Problem: Given $x,y\geq 0$ satisfying \begin{equation}\label{eq:ellipse}x+y+\sqrt{2x^2+2xy+3y^2}=4\end{equation} prove $x^2y<4$. (Hat tip: Sam Walters)
Solution. First rewrite \eqref{eq:ellipse} as \begin{equation}\label{eq:ellipse2}\sqrt{2x^2+2xy+3y^2}=4-x-y\end{equation} Squaring \eqref{eq:ellipse} we obtain an equation of ellipse \begin{equation}\label{eq:ellipse3}(x+4)^2+2(y+2)^2=40\end{equation} (Figire 1)
Graphically we see that the inequality holds as shown in Figure 2.

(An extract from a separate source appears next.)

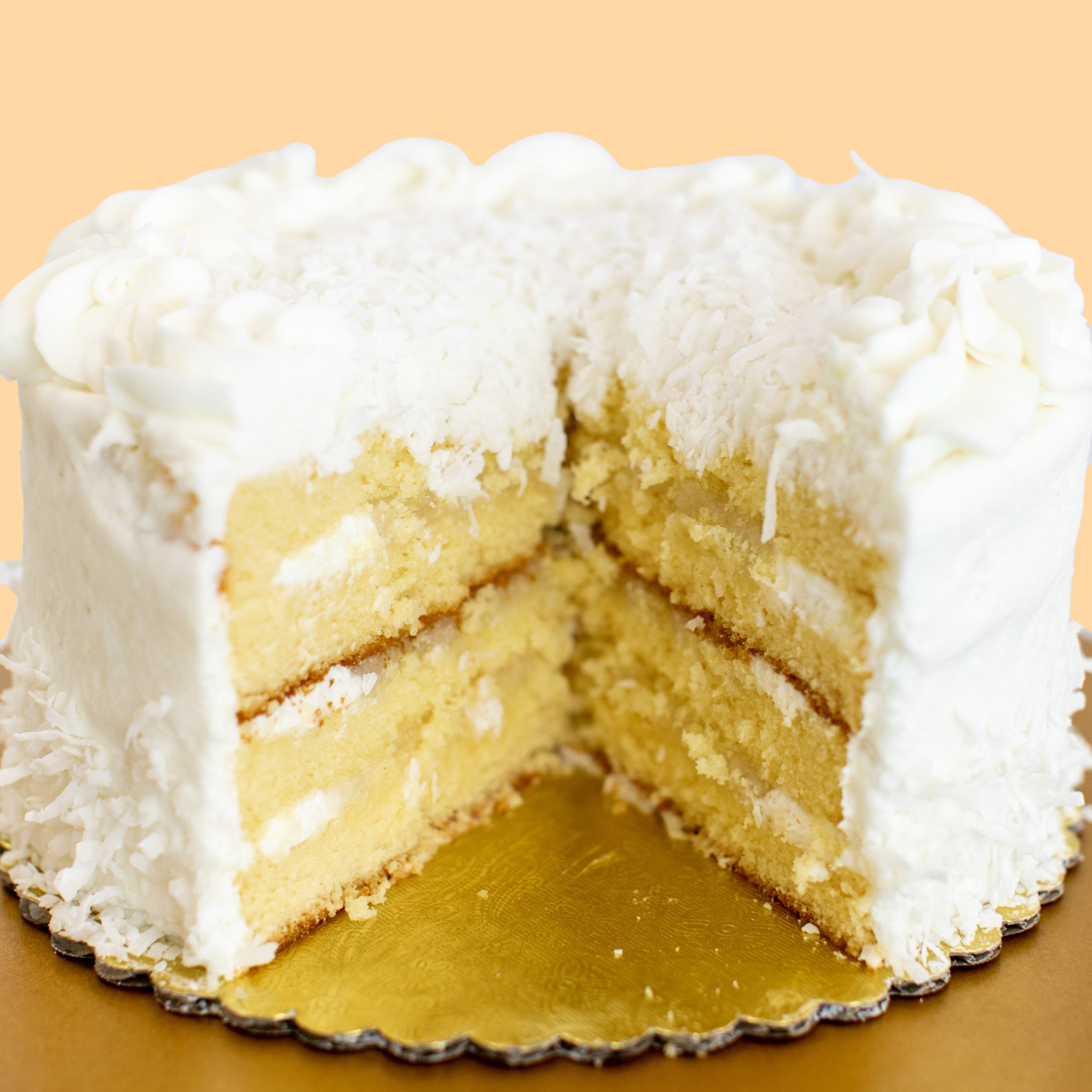 Our 8’’ coconut cream layer cake is made up of four layers of traditional butter cake, filled with our plantation coconut custard, iced in white buttercream, and topped with handfuls of shredded coconut. A simple but delicious treat, this cake is perfect for anyone who loves the classics!

Suppose $x>0$ (for $x=0$ the inequality $x^2y<4$ is trivial). Since $x>0,y>0$ then, $$x^2y<4\Longleftrightarrow (y+2)^2<\left(\frac{4}{x^2}+2\right)^2$$ Solve \eqref{eq:ellipse3} for $(y+2)^2$. \begin{equation}\label{eq:ellipse4}(y+2)^2=20-\frac{(x+4)^2}{2}\end{equation} Now subtract $\left(\frac{4}{x^2}+2\right)^2$ from the RHS of \eqref{eq:ellipse4}. $$20-\frac{(x+4)^2}{2}-\left(\frac{4}{x^2}+2\right)^2=\frac{-x^6-8x^5+16x^4-32x^2-32}{2x^4}<0$$ since $-x^6-8x^5+16x^4-32x^2-32<0$ for $0<x<-4+\sqrt{40}$ as shown in Figure 3.
Update: Republic of Math graphically came up with a sharper inequality $x^2y<1$. The graphics can be seen here. As you can see in the graphics, there is still room for even (slightly) more sharp inequality. In fact $x^2y<0.9$ as you can see in Figure 4 below.
Update: While I could not analytically find the smallest value of $a>0$ such that $x^2y<a$, I found graphically that $a$ can be as small as $0.789$. Figure 5 and Figure 6 are the graphs of $f(x)=-x^6-8x^5+16x^4-8ax^2-2a^2$ for $0\leq x\leq -4+\sqrt{40}$ for $a=0.789$ and for $a=0.788$, respectively. For $a=0.789$, $f(x)<0$ on $[0,-4+\sqrt{40}]$.
But with $a=0.788$ $f(x)$ is no longer negative for all $x$ in $[0,-4+\sqrt{40}]$.